Comment by JumpCrisscross
8 hours ago
> don't think the two topics are separable. This is a specific case of the general trend
They are and should be separable. DHS hoovering up government data is orthogonal to private data collection. They could become related. But they aren’t, and muddling a hypothetical problem with a clear, present and actual one is a good way to normalize the latter.
The should be separable, but they are not. Data collected privately absorbed by the government is a serious problem, even anonymized data can be de-anonymized if you can put more than one database next to each other. This allows for far more insights than any single database could give you and this is a real danger.
Keep in mind that DOGE made off with a huge stash of data, which combined with other data, such as voter registration data, twitter messages (public and private) and other such datastores could become an extremely efficient tool in messing with elections. The whole system is predicated on that being hard and so we trust the outcome of elections but with todays tools in the hands of the large US companies currently in cahoots with the Trump administration this is childs play.
> Data collected privately absorbed by the government is a serious problem
The data we’re talking about here are home addresses. HHS (or the IRS) having home addresses isn’t what most Americans would or should consider problematic.
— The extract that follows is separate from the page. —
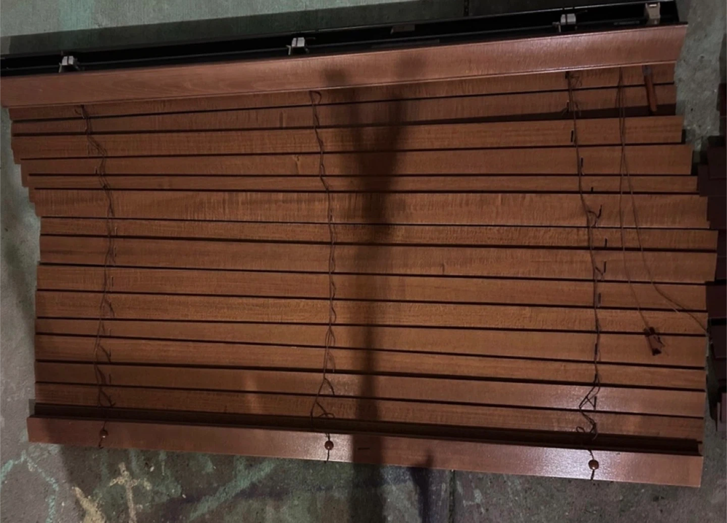 These Hunter Douglas blinds come in a light brown and a darker brown.
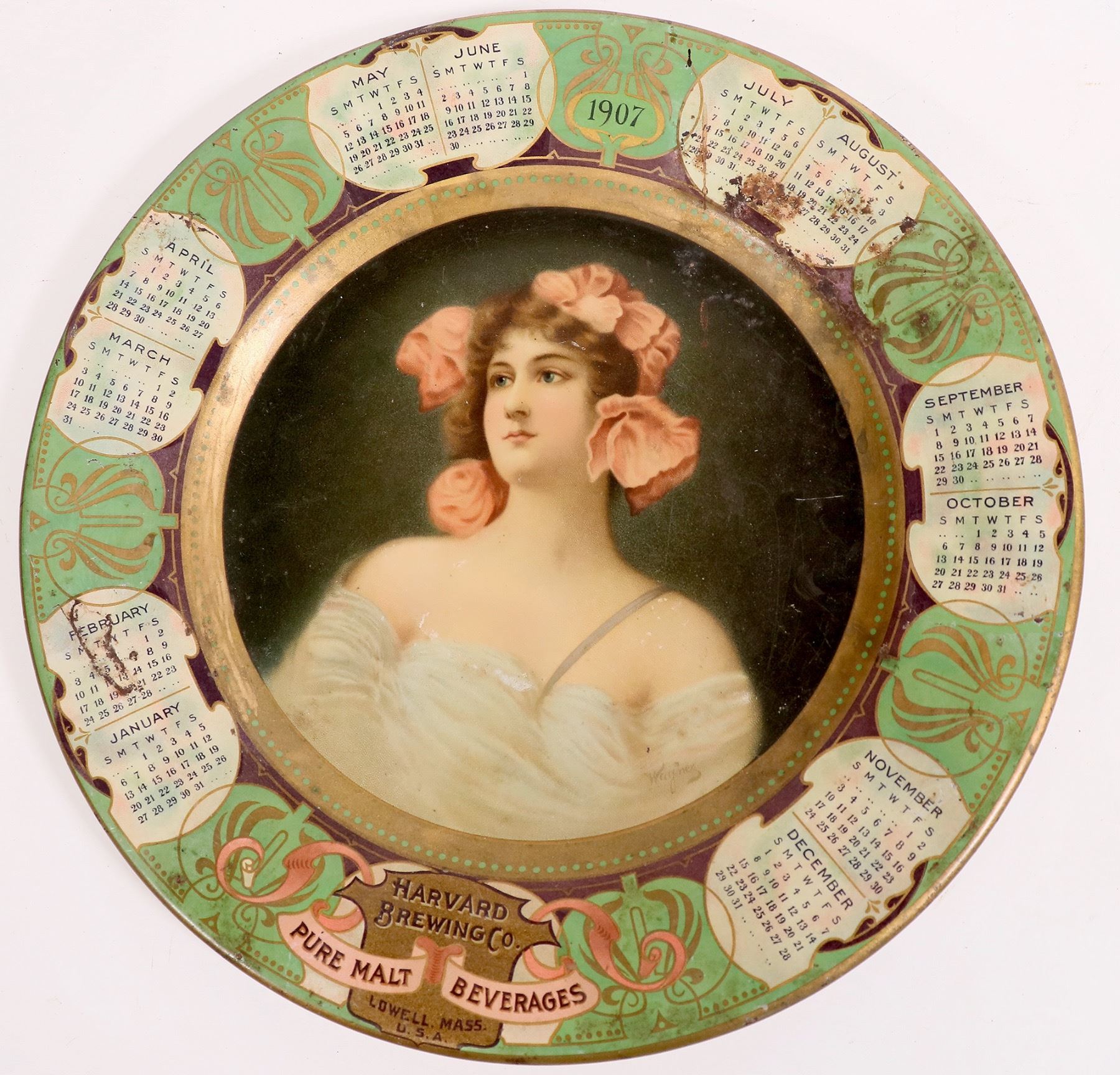 This beer tray is for a single serve from the "Harvard Brewing Co. of Lowell, Ma. / Pure Malt Beverages". The border is outlined with the date calendar for 1907 on a light green background. "Vienna Art Plates Pat. Feb. 21st, 1905". Mounting holes with string on the back. The image is of a beautiful young lady with flowers in her hair. Very good condition. Surface scuffs. 10 in. Lowell Massachusetts c. 1907

This isn't about 'Americans' but about the negative set of HHS records compared to the records taken from for instance the IRS. Putting the one next to the other yields the names of individuals that were otherwise not standing out. ICE/Palantir/DHS should not have access to health records. The main reason for that is that people who are in the country may still require healthcare even if they have no other ties the US government. Of course, for some this is the desired outcome, they hope that those people will no longer avail themselves of healthcare at all with all of the predictable outcomes.